--- Record excerpts ---
____________________

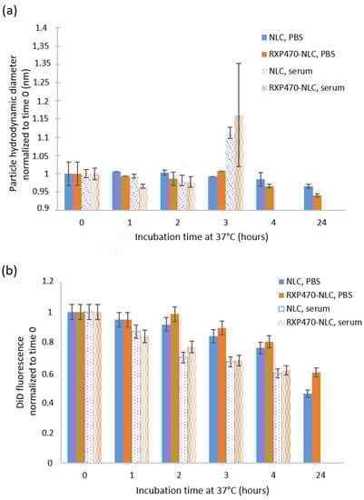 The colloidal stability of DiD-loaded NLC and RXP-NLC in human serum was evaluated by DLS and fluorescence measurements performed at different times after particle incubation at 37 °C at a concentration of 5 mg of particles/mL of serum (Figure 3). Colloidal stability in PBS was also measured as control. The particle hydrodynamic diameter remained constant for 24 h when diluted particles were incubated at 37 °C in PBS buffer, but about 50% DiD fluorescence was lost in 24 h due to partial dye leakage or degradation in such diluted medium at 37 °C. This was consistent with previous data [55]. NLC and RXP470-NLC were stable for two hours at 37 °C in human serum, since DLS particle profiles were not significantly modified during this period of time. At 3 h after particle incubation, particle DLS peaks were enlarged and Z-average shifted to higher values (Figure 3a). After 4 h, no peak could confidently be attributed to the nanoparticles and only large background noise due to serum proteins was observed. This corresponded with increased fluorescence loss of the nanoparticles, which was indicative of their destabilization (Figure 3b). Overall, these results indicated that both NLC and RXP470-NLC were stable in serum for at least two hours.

____________________

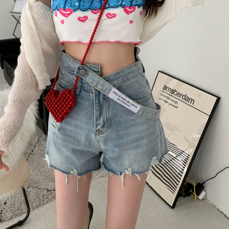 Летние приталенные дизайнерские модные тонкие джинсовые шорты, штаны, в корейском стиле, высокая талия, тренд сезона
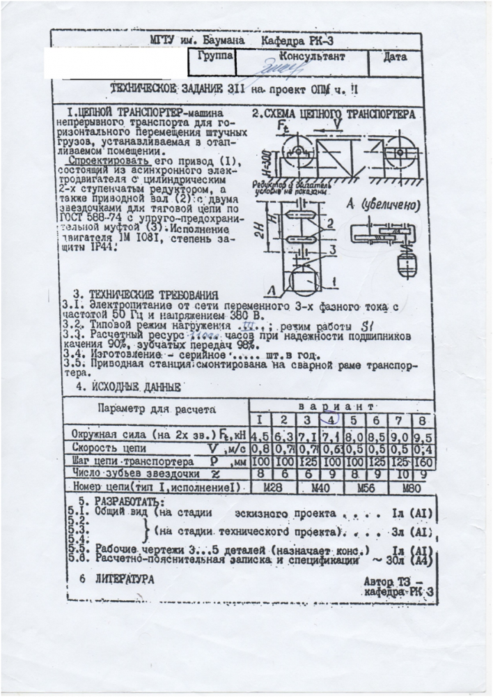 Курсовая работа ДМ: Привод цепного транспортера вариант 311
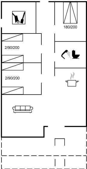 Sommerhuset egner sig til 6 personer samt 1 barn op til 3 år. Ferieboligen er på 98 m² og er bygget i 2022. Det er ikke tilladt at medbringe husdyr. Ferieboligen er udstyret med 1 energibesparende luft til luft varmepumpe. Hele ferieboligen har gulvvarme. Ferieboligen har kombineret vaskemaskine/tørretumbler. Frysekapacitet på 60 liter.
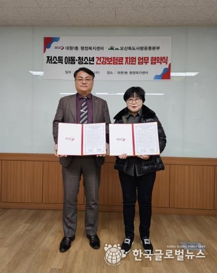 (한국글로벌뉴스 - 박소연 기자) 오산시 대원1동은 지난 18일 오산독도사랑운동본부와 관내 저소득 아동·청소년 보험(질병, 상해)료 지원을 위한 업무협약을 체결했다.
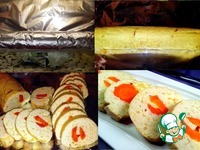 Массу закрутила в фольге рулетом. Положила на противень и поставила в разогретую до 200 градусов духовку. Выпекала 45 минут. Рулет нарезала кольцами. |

____________________

--- Task item ---
Would you transcribe the lines above exactly, going from the line bearing "(한국글로벌뉴스 - 박소연" through the line bearing "Массу закрутила в", and drop the pictures from the copy?

--- Response below ---
 (한국글로벌뉴스 - 박소연 기자) 오산시 대원1동은 지난 18일 오산독도사랑운동본부와 관내 저소득 아동·청소년 보험(질병, 상해)료 지원을 위한 업무협약을 체결했다.
 Массу закрутила в фольге рулетом. Положила на противень и поставила в разогретую до 200 градусов духовку. Выпекала 45 минут. Рулет нарезала кольцами. |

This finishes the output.